I agree with your intuition. The problem I'm struggling with is an feeling that I'm giving up a good thing I ought to keep simply because it's reliable income.

You have a fair point on the request for a full case study. Because my question seems more psychological than financial in nature, I'm not sure that baring the gritty details of my finances will help people recommend an answer. I suppose a follow-up question to you post-fire folks is: did you feel similarly before you FIRE'd, i.e. that you were giving up a good job that you ought to keep even though you didn't need it anymore? If so, how did you deal with that feeling?

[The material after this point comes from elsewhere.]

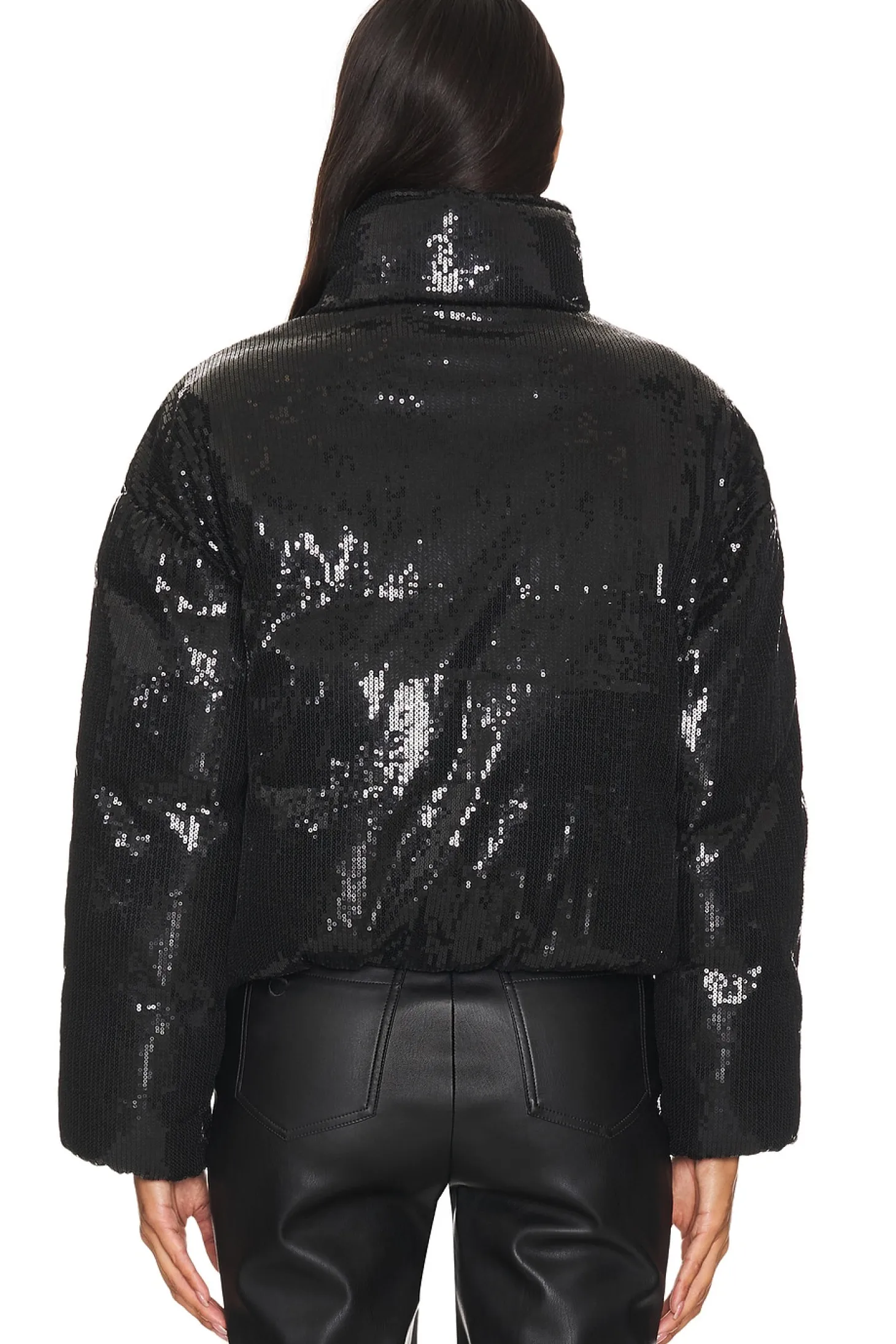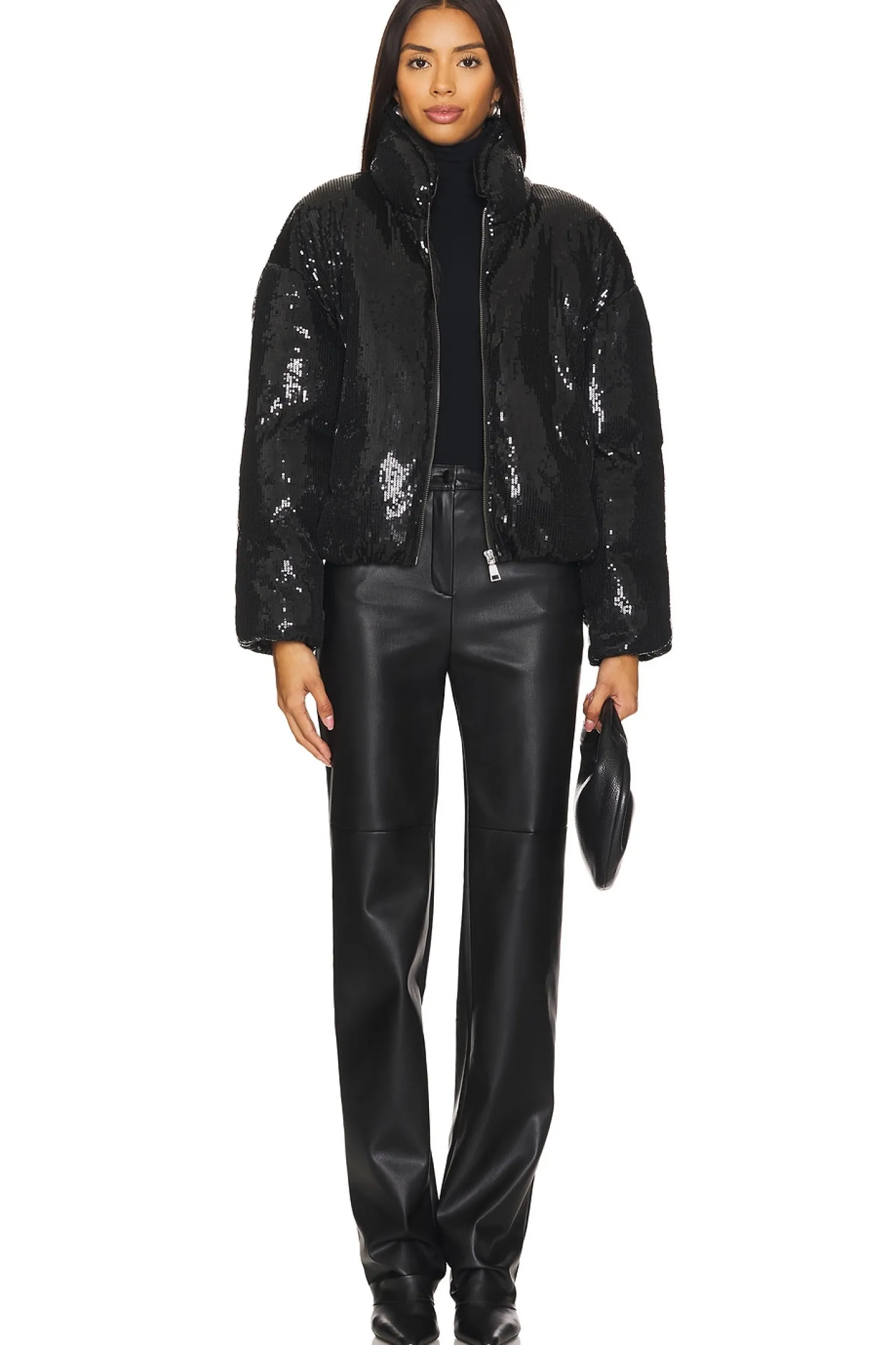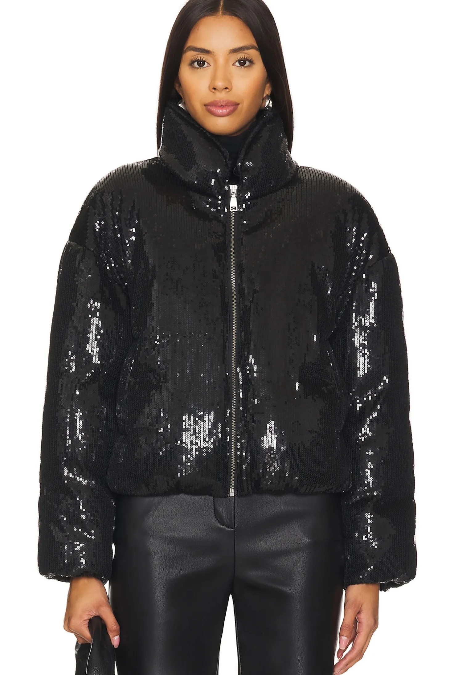 Sequin embellished textile.Imported.Dry clean recommended.Front zipper closure.Side seam pockets.Mockneck styling.Heavyweight padded sequin embellished fabric

Feeling conflicted about giving up a good thing simply because it's reliable income (when you already have enough saved) is called "One More Year Syndrome" (OMY).
There can certainly be good reasons to stay - if, for example, you enjoy the work or the social interactions, or if staying OMY is so financially adventageous that it will allow you to do something or have a level of safety that you otherwise couldn't by pulling the plug today.  Search "OMY" or "one more year" on this forum and you'll find a lot of discussion about how to combat it, when it's actually useful and how to evaluate the differences.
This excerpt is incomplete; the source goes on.